• EXERCISE GOAL:
Your copy of the data should match it exactly, except that the pictures are gone.

• DATASET SECTION:
□ □ □
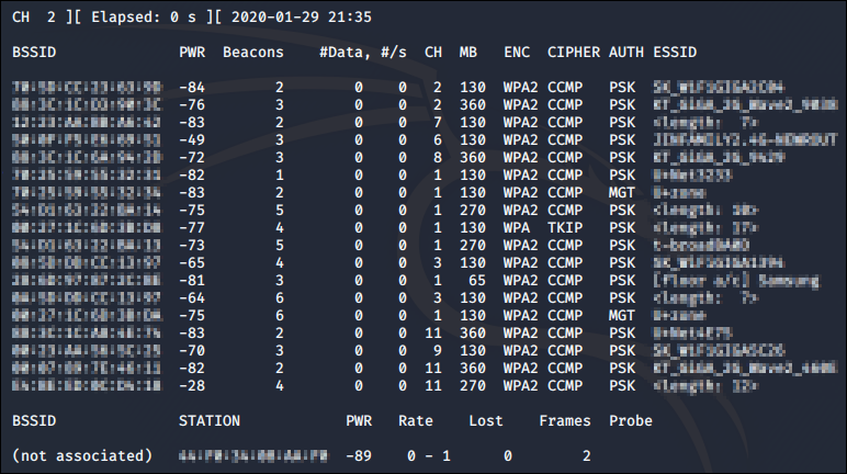 --channel 옵션은 특정 채널만을 스캐닝하고, --band 옵션은 스캐닝 대역대를 지정할 수 있습니다. --bssid옵션은 타겟의 맥주소를 직접 지정하여 스캐닝할 수 있습니다.
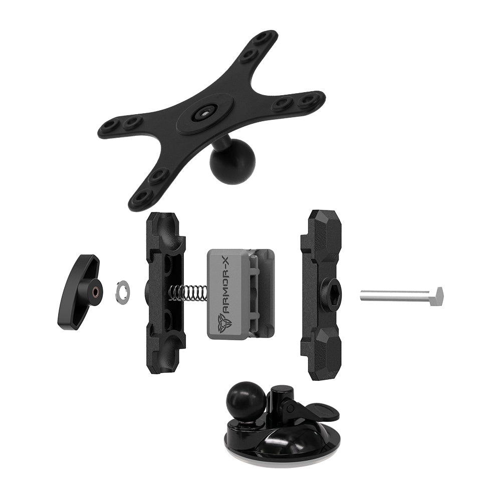 ARMOR-X Vacuum Suction Cup Universal Mount for tablet. Provides super strong hold on car windshield, window or other smooth, flat, and polished surfaces.
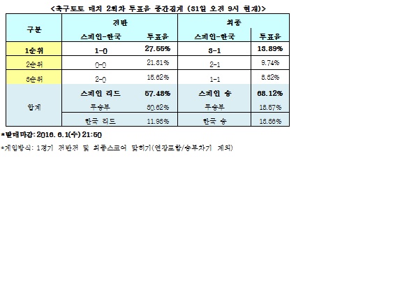 체육진흥투표권 스포츠토토의 수탁사업자인 케이토토(www.ktoto.co.kr)는 오는 6월 1일(수) 밤 11시30분에 오스트리아 잘츠부르크에서 벌어지는 국가대표평가전 스페인(홈)-한국(원정)전을 대상으로 한 축구토토 매치 2회차 투표율 중간집계 결과, 전체 참가자의 68.12%가 한국의 고전을 전망했다고 밝혔다.
□ □ □
• COMPLETED EXERCISE:
 --channel 옵션은 특정 채널만을 스캐닝하고, --band 옵션은 스캐닝 대역대를 지정할 수 있습니다. --bssid옵션은 타겟의 맥주소를 직접 지정하여 스캐닝할 수 있습니다.
 ARMOR-X Vacuum Suction Cup Universal Mount for tablet. Provides super strong hold on car windshield, window or other smooth, flat, and polished surfaces.
 체육진흥투표권 스포츠토토의 수탁사업자인 케이토토(www.ktoto.co.kr)는 오는 6월 1일(수) 밤 11시30분에 오스트리아 잘츠부르크에서 벌어지는 국가대표평가전 스페인(홈)-한국(원정)전을 대상으로 한 축구토토 매치 2회차 투표율 중간집계 결과, 전체 참가자의 68.12%가 한국의 고전을 전망했다고 밝혔다.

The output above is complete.